■ WHAT THE TASK ASKS: Omit every picture and return the rest of the data unaltered.

■ DATASET SECTION:
::::

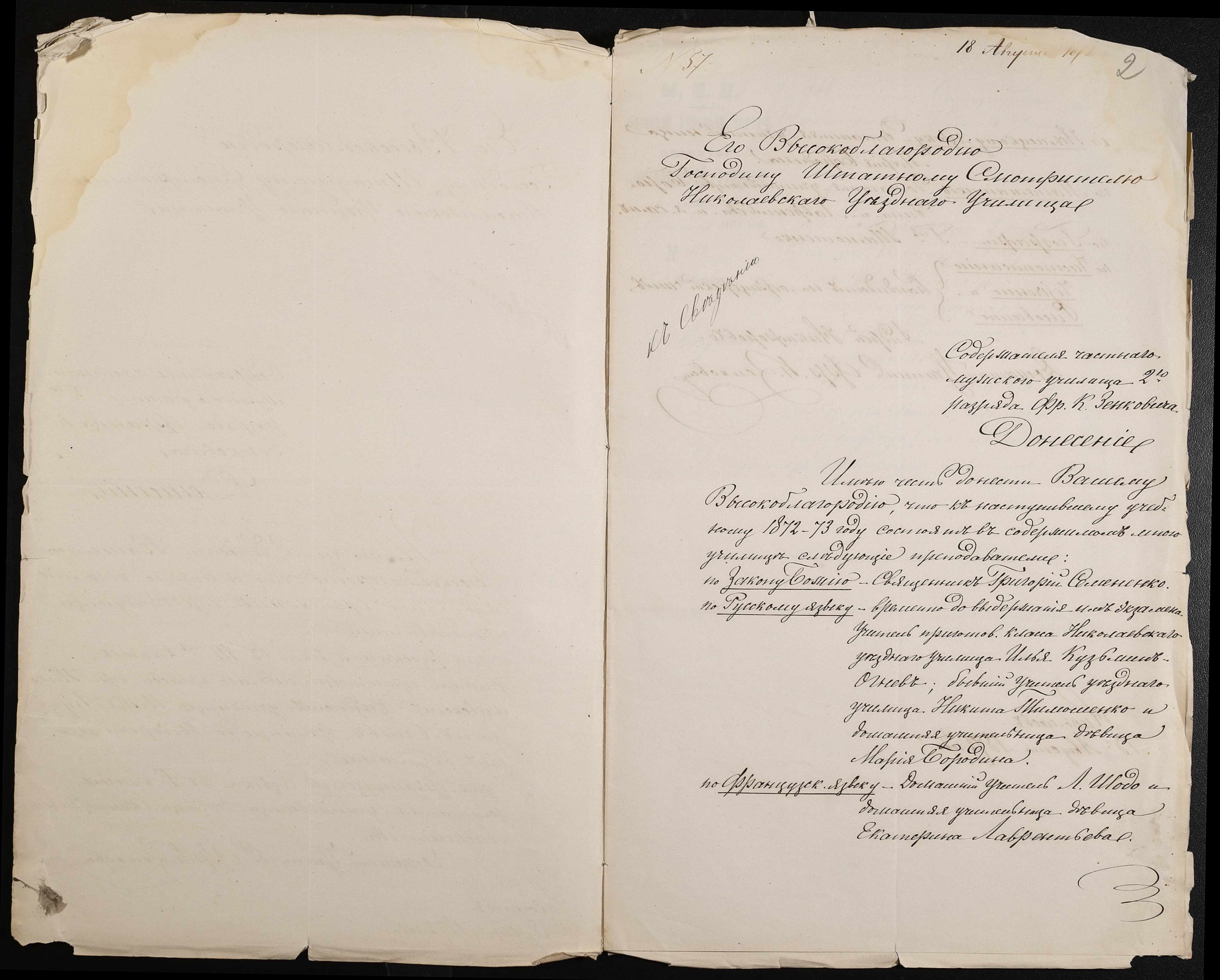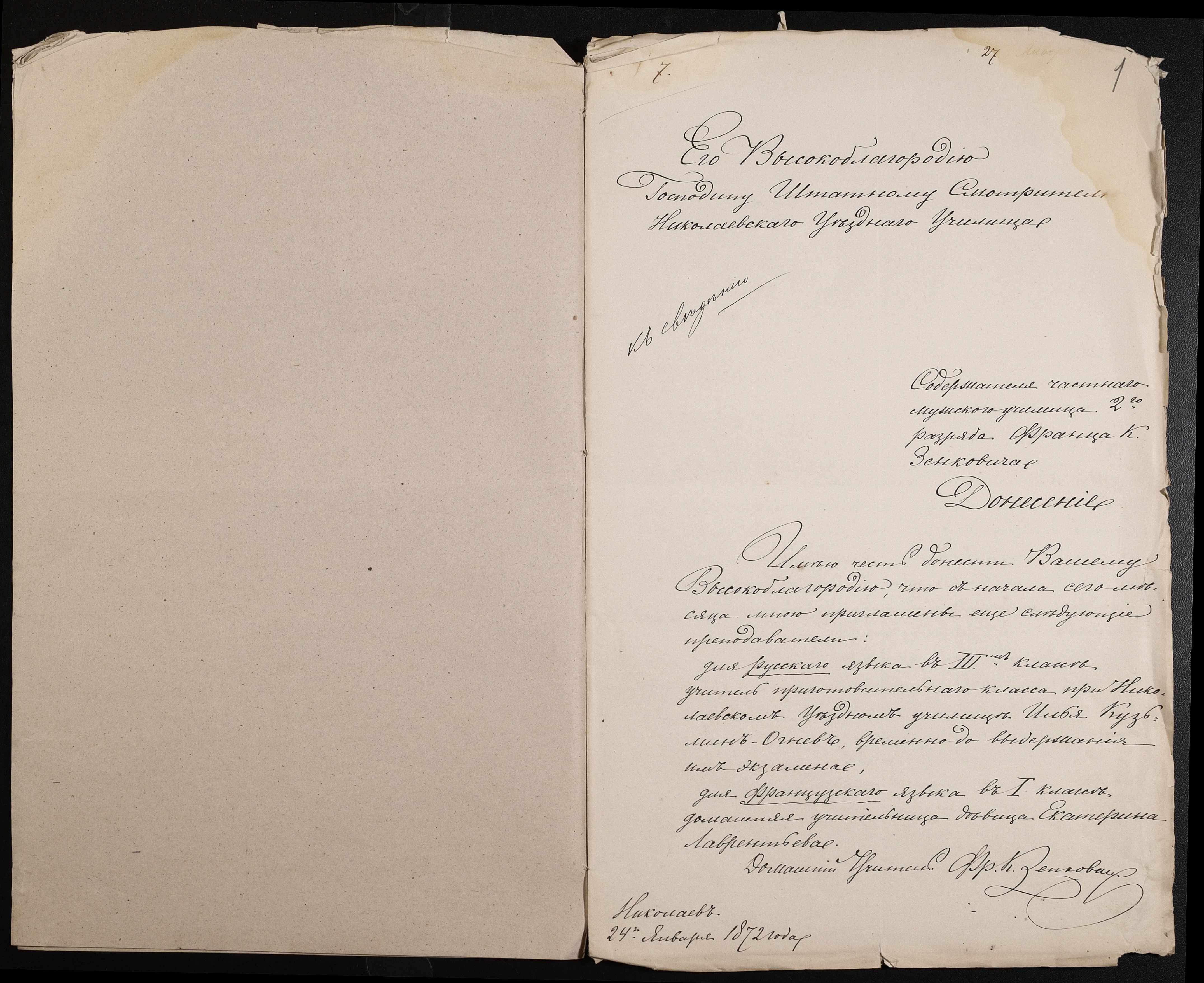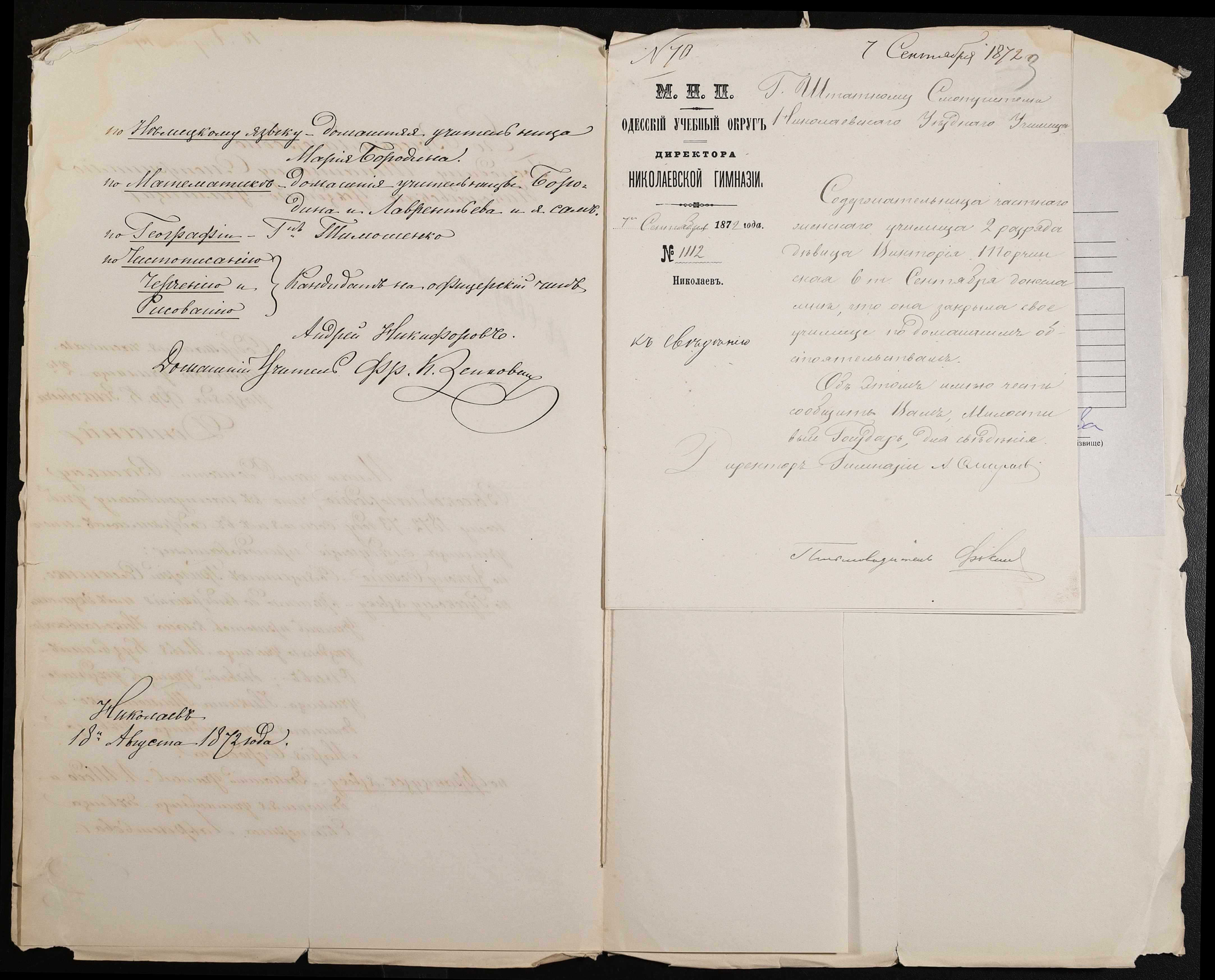 • • • • Справа № 39 “Повідомлення утримувачів приватних училищ про діяльність вчителів”
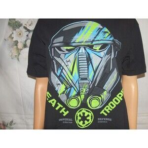 This is a Star Wars Death Trooper T-shirt in size M, designed for both men and women in a regular fit. The shirt features Lucas as the character from the Lucas Films Ltd, showcasing a black color with a themed design related to Star Wars and the Death Trooper character family. Perfect for fans of the Star Wars franchise, this unisex T-shirt offers a comfortable and stylish way to show off your love for the iconic series. This is a Fruit of the Loom 100% Cotton Shirt. This Shirt is in Excellent Gently worn condition. Perhaps it was worn a time or two tops. The shirt was checked over buy our crack team of Inspection Fairies and given their Two Wings Up Kiss of Approval (which means they found nothing at all wrong with it) so you can buy with confidence. Another fine item brought to you by the Fairies, we also will combine shipping with any of our other items to save you even more :)
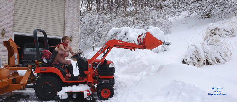 Good Wife Plows The Snow In The Nude
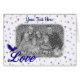 Bonito pássaro azul pousando na palavra Amor em letras elegantes num fundo de corações azuis cartão com fotos personalizado. Clique em Alterar e carregue sua foto. Substitua pelo texto ou exclua o vazio. Clique em Personalizar para ajustar sua foto e alterar a fonte, o tamanho e a cor do texto. Visite o tesouro dos olhos sorrindo para ver mais cartões e presentes de flores e natureza.

::::

■ RESPONSE TO THE TASK:
 • • • • Справа № 39 “Повідомлення утримувачів приватних училищ про діяльність вчителів”
 This is a Star Wars Death Trooper T-shirt in size M, designed for both men and women in a regular fit. The shirt features Lucas as the character from the Lucas Films Ltd, showcasing a black color with a themed design related to Star Wars and the Death Trooper character family. Perfect for fans of the Star Wars franchise, this unisex T-shirt offers a comfortable and stylish way to show off your love for the iconic series. This is a Fruit of the Loom 100% Cotton Shirt. This Shirt is in Excellent Gently worn condition. Perhaps it was worn a time or two tops. The shirt was checked over buy our crack team of Inspection Fairies and given their Two Wings Up Kiss of Approval (which means they found nothing at all wrong with it) so you can buy with confidence. Another fine item brought to you by the Fairies, we also will combine shipping with any of our other items to save you even more :)
 Good Wife Plows The Snow In The Nude
 Bonito pássaro azul pousando na palavra Amor em letras elegantes num fundo de corações azuis cartão com fotos personalizado. Clique em Alterar e carregue sua foto. Substitua pelo texto ou exclua o vazio. Clique em Personalizar para ajustar sua foto e alterar a fonte, o tamanho e a cor do texto. Visite o tesouro dos olhos sorrindo para ver mais cartões e presentes de flores e natureza.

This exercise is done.